◆ Task brief
Your copy should contain exactly the lines from the start of the material through the line containing "Welcome to Greenwich, Connecticut!", and no pictures.

START Record extracts

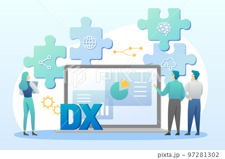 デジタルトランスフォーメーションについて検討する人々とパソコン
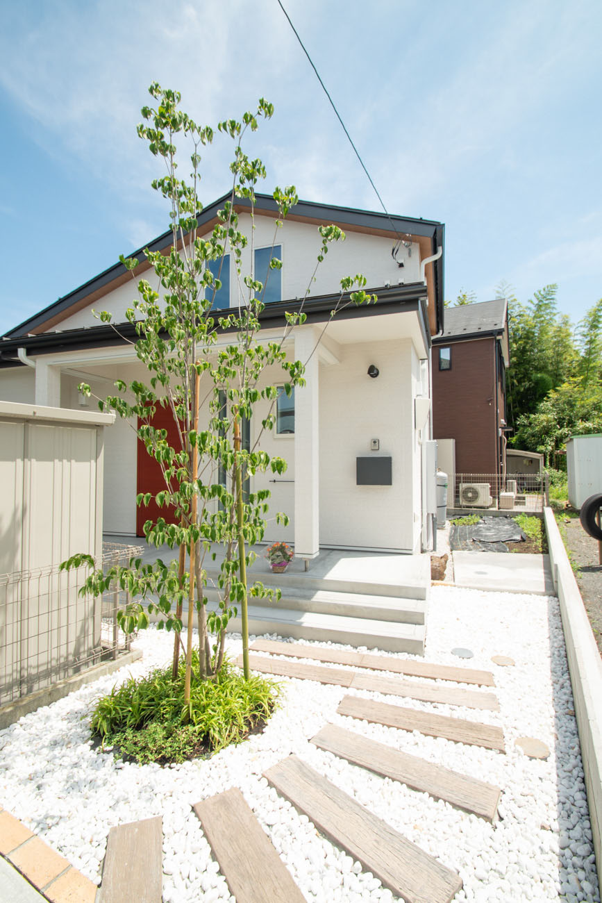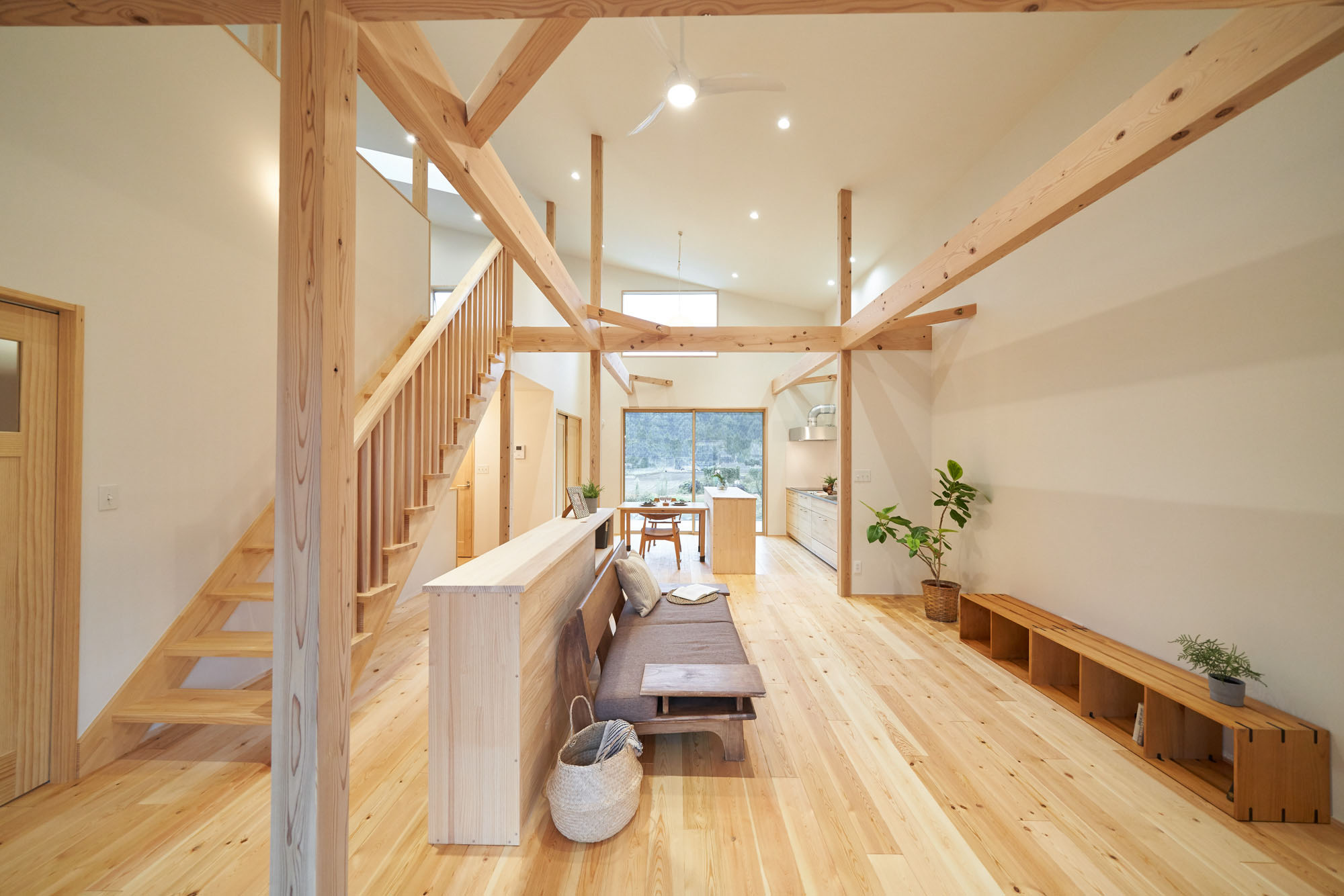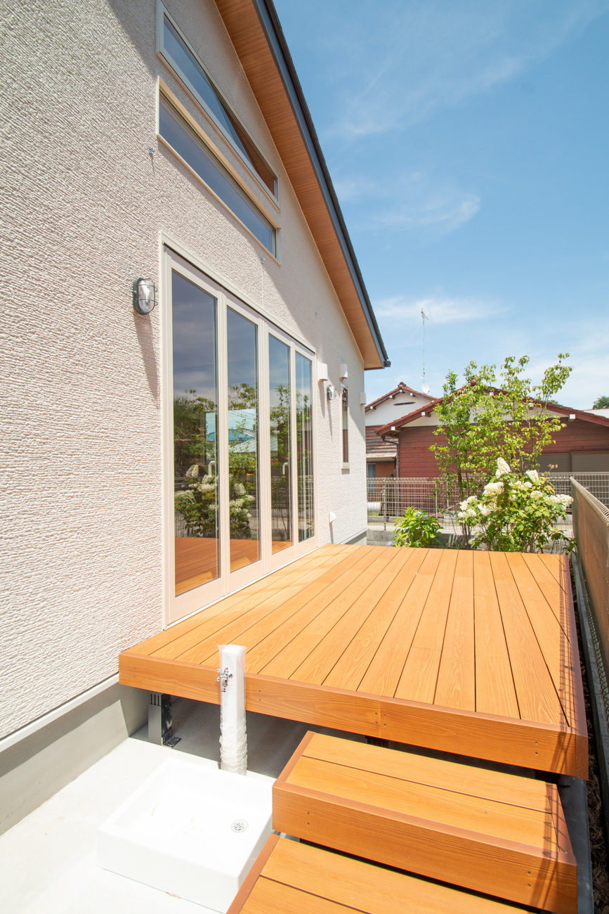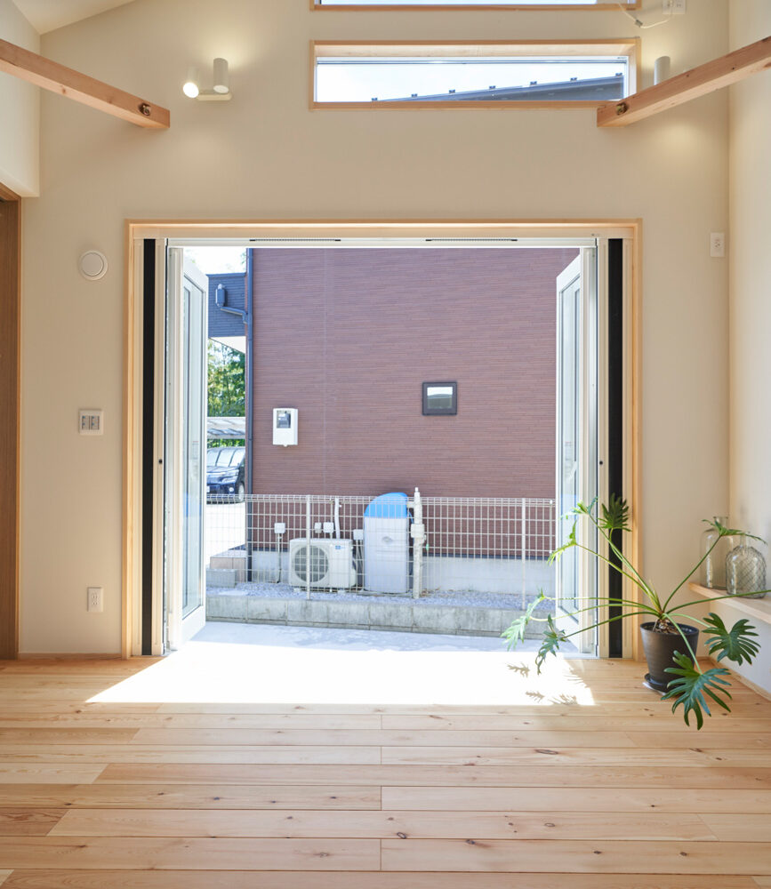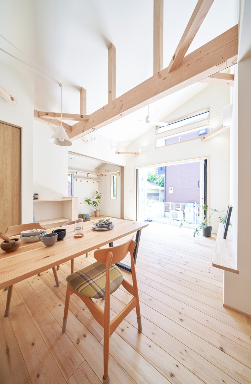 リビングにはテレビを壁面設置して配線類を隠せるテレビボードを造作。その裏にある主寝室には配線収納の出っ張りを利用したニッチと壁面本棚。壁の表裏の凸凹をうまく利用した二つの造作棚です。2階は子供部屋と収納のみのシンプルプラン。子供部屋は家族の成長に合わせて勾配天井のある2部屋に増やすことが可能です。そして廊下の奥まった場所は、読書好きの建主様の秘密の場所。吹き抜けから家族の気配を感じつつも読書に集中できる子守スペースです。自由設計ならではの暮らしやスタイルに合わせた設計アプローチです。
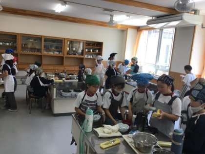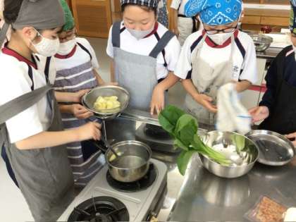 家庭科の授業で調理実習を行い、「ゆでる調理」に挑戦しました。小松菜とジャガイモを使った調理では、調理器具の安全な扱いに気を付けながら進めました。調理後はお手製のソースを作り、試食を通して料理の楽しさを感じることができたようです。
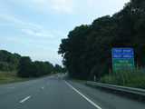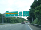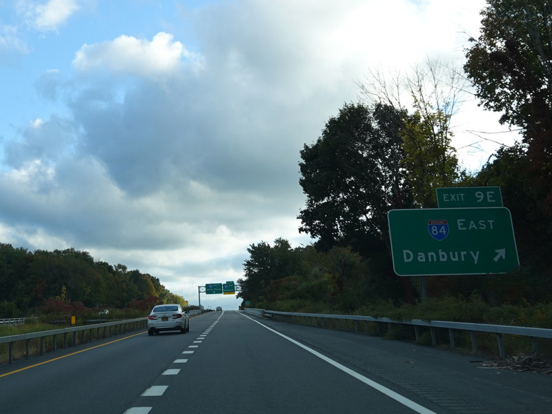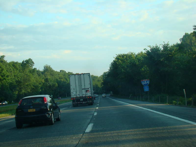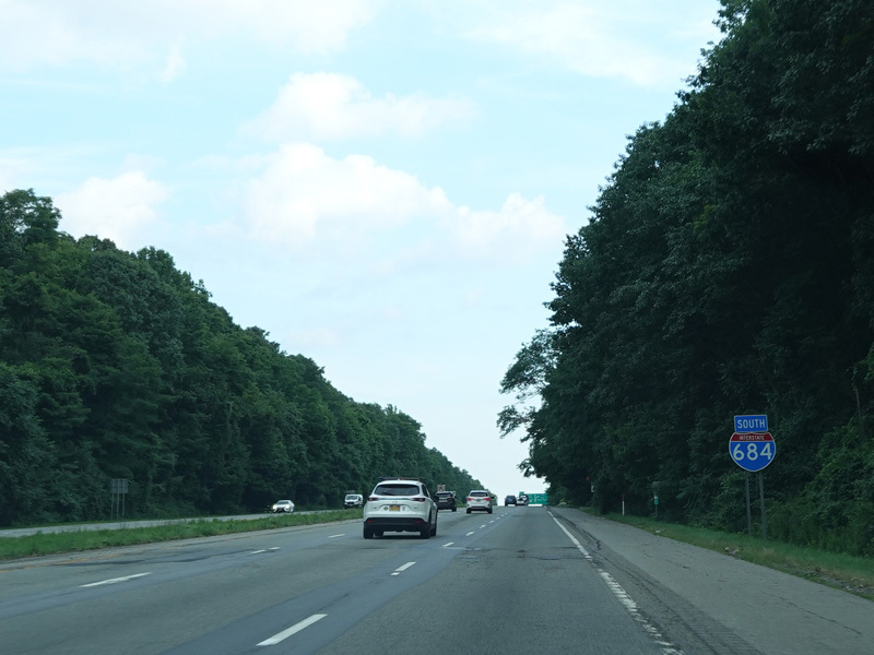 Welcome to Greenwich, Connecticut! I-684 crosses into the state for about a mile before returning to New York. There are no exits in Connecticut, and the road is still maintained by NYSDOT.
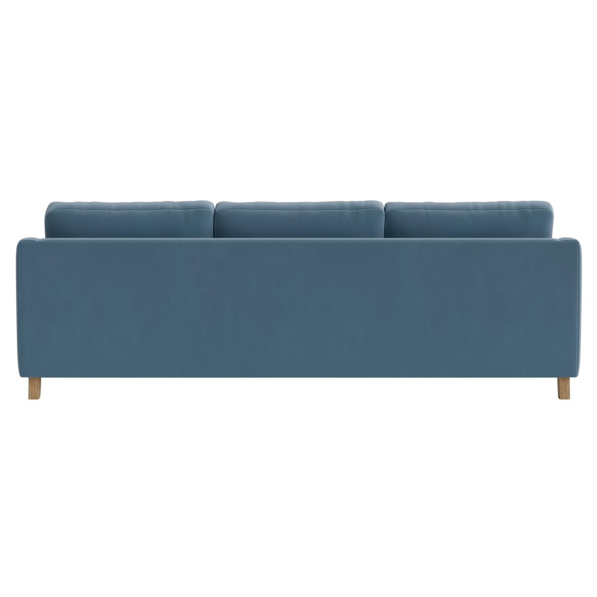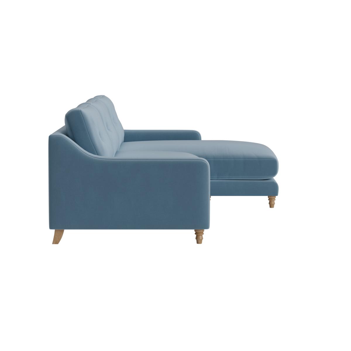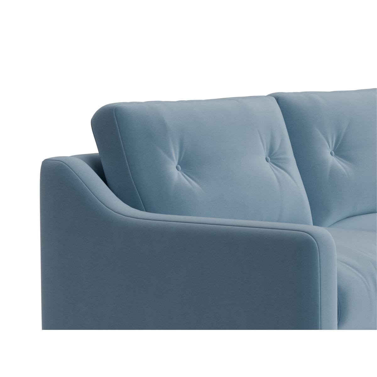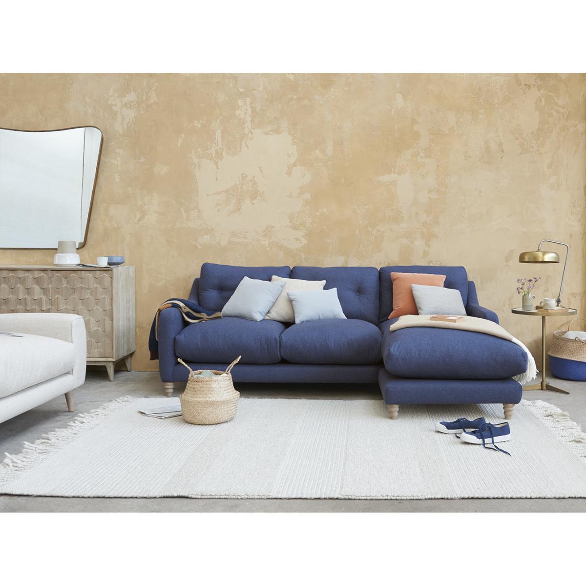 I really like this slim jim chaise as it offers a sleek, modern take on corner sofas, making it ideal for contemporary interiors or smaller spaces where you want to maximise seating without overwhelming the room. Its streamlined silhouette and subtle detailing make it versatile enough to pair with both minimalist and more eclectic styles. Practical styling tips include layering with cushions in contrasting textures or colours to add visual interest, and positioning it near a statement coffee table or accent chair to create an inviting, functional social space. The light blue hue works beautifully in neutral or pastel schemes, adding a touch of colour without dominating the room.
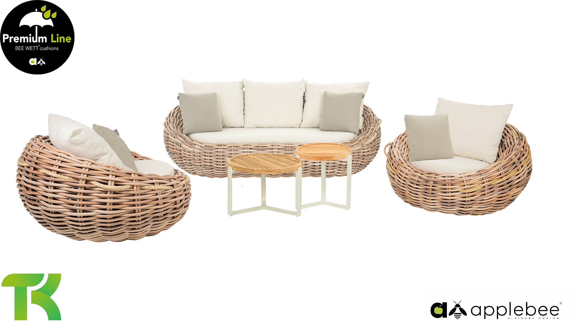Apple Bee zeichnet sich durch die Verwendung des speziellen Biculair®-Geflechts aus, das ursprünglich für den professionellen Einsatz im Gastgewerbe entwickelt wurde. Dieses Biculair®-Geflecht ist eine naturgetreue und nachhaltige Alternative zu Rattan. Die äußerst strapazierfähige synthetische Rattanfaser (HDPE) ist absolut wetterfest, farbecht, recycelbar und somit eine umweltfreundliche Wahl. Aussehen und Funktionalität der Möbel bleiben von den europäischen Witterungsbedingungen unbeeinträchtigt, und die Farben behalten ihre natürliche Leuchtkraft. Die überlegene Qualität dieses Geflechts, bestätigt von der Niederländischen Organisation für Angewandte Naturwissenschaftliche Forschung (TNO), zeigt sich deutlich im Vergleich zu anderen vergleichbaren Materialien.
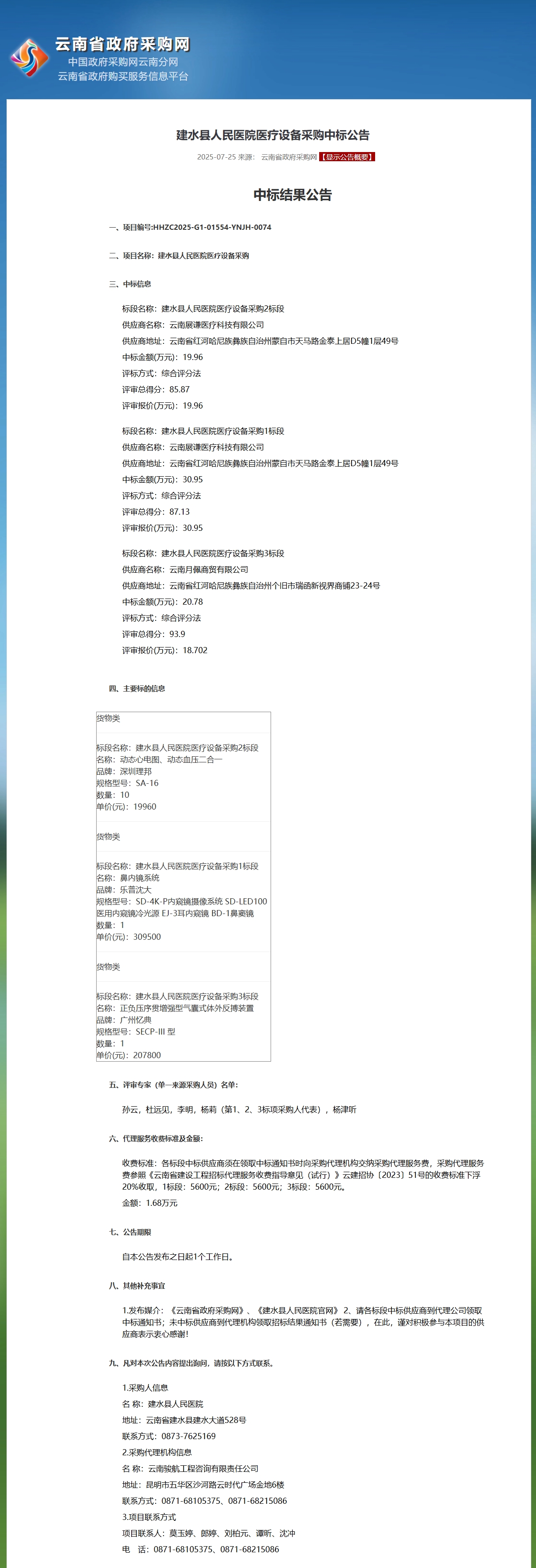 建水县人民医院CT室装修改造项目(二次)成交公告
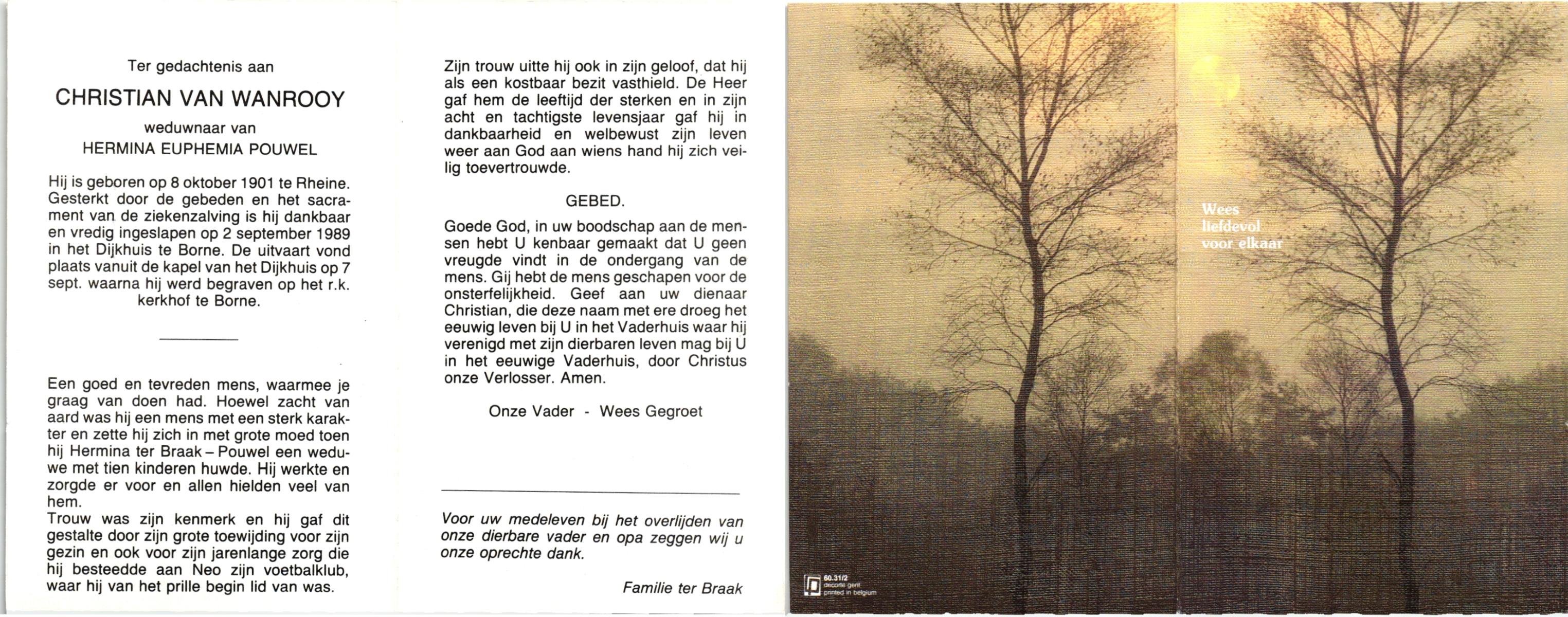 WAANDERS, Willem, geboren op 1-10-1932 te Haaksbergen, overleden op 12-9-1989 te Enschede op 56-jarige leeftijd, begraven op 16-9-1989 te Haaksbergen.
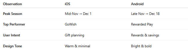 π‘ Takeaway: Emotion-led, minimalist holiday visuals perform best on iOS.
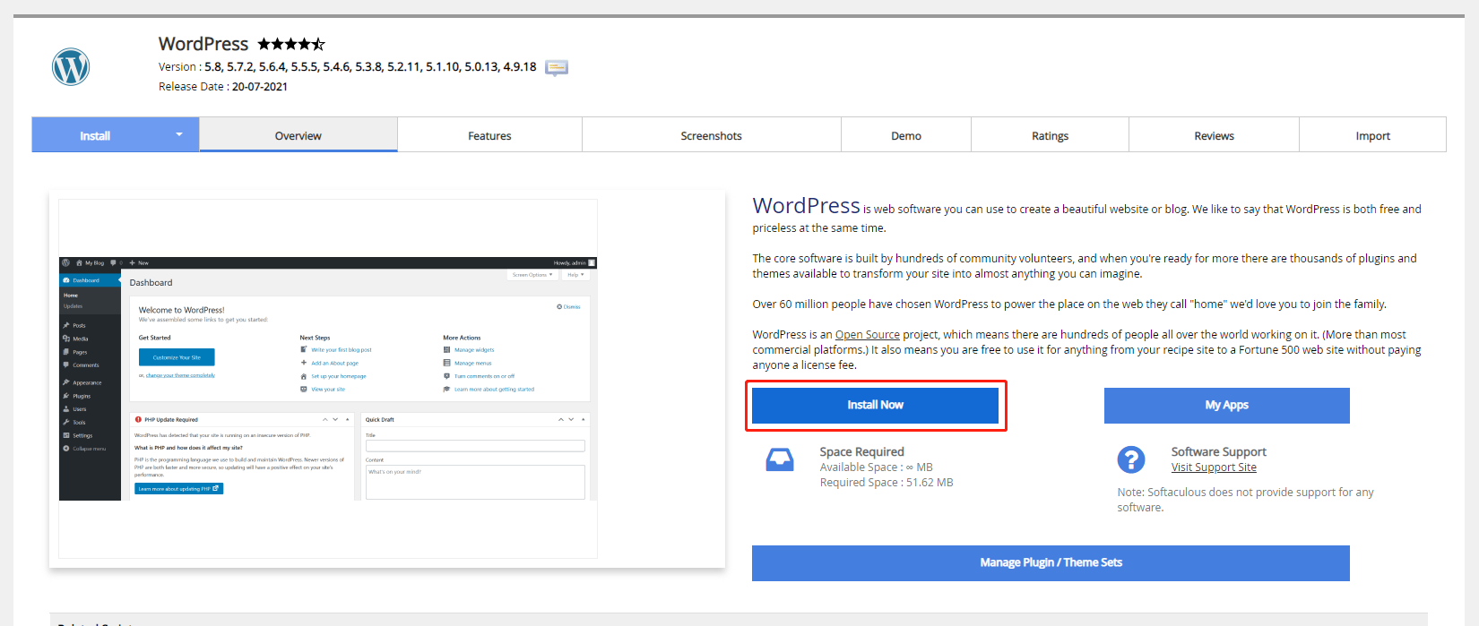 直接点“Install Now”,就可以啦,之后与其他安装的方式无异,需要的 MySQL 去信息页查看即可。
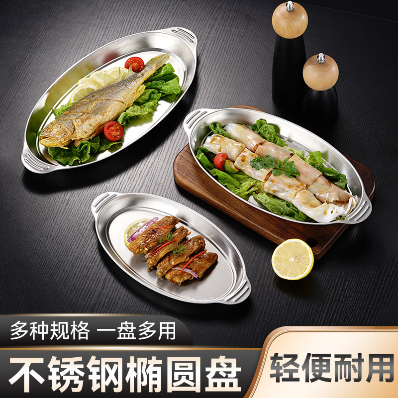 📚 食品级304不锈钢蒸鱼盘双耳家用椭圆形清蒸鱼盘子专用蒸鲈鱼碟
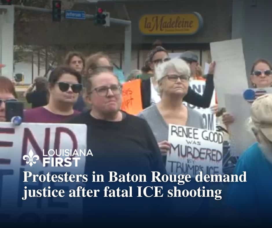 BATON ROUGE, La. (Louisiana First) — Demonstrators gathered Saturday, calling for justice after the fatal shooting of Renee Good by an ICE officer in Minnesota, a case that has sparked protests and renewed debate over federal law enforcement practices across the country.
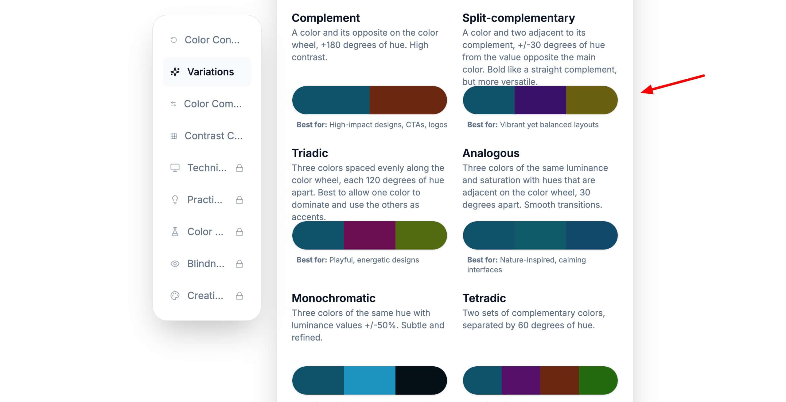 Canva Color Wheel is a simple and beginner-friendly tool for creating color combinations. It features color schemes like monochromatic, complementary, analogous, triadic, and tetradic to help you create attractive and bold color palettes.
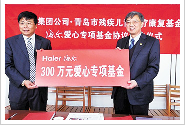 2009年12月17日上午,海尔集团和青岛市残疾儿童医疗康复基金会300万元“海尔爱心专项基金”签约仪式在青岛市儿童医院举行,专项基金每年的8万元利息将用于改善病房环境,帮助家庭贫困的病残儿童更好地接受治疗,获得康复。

END Record extracts

◆ Exercise output
 デジタルトランスフォーメーションについて検討する人々とパソコン
 リビングにはテレビを壁面設置して配線類を隠せるテレビボードを造作。その裏にある主寝室には配線収納の出っ張りを利用したニッチと壁面本棚。壁の表裏の凸凹をうまく利用した二つの造作棚です。2階は子供部屋と収納のみのシンプルプラン。子供部屋は家族の成長に合わせて勾配天井のある2部屋に増やすことが可能です。そして廊下の奥まった場所は、読書好きの建主様の秘密の場所。吹き抜けから家族の気配を感じつつも読書に集中できる子守スペースです。自由設計ならではの暮らしやスタイルに合わせた設計アプローチです。
 家庭科の授業で調理実習を行い、「ゆでる調理」に挑戦しました。小松菜とジャガイモを使った調理では、調理器具の安全な扱いに気を付けながら進めました。調理後はお手製のソースを作り、試食を通して料理の楽しさを感じることができたようです。
 Welcome to Greenwich, Connecticut! I-684 crosses into the state for about a mile before returning to New York. There are no exits in Connecticut, and the road is still maintained by NYSDOT.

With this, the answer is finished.